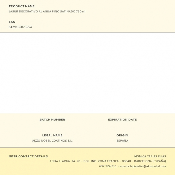 Protector decorativo satinado pino 750 ml al agua es un lasur de dispersión acuosa de copolímero acrílico para proteger la madera del agua y a la intemperie y protector hidrofugante, para el cuidado de muebles y maderas en exterior. no recomendado para superficies que vayan a estar sometidas a grandes esfuerzos de abrasión, rendimiento aproximado 13-18 m²/l, secado en 30 min repintado 2 h
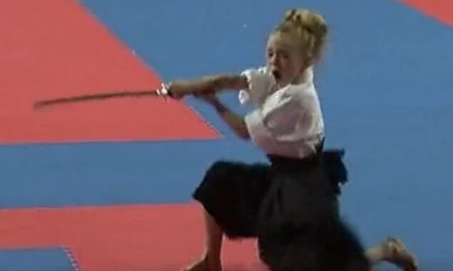ویڈیو میں دیکھا جا سکتا ہے کہ بچی بڑی مہارت سے مارشل آرٹس کر رہی ہے۔
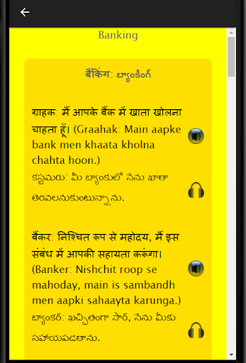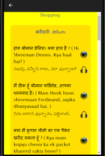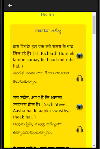 This language learning application can also be used by those Telugu speaking participants who are preparing for BPO, Call Center, Hindi Discussions and Debates as well as Hindi job interview. If you want to learn Hindi grammar, it is advised that you initially go through this application get yourself ready for your next assignment. If I want to learn Hindi, I should be approaching this application for the same and go through all the chapters. This app can help you learn Hindi fast using audio. It is easier to learn the language using Hindi conversation rather than through an Hindi Dictionary. Learning Spoken Hindi had never been easier. Exercises, vocabulary and business Hindi make this application a very special one.

___

• [WORK ITEM] The finished answer is an exact repetition of the listing, with every picture removed.

• [RESPONSE AREA]
 Protector decorativo satinado pino 750 ml al agua es un lasur de dispersión acuosa de copolímero acrílico para proteger la madera del agua y a la intemperie y protector hidrofugante, para el cuidado de muebles y maderas en exterior. no recomendado para superficies que vayan a estar sometidas a grandes esfuerzos de abrasión, rendimiento aproximado 13-18 m²/l, secado en 30 min repintado 2 h
ویڈیو میں دیکھا جا سکتا ہے کہ بچی بڑی مہارت سے مارشل آرٹس کر رہی ہے۔
 This language learning application can also be used by those Telugu speaking participants who are preparing for BPO, Call Center, Hindi Discussions and Debates as well as Hindi job interview. If you want to learn Hindi grammar, it is advised that you initially go through this application get yourself ready for your next assignment. If I want to learn Hindi, I should be approaching this application for the same and go through all the chapters. This app can help you learn Hindi fast using audio. It is easier to learn the language using Hindi conversation rather than through an Hindi Dictionary. Learning Spoken Hindi had never been easier. Exercises, vocabulary and business Hindi make this application a very special one.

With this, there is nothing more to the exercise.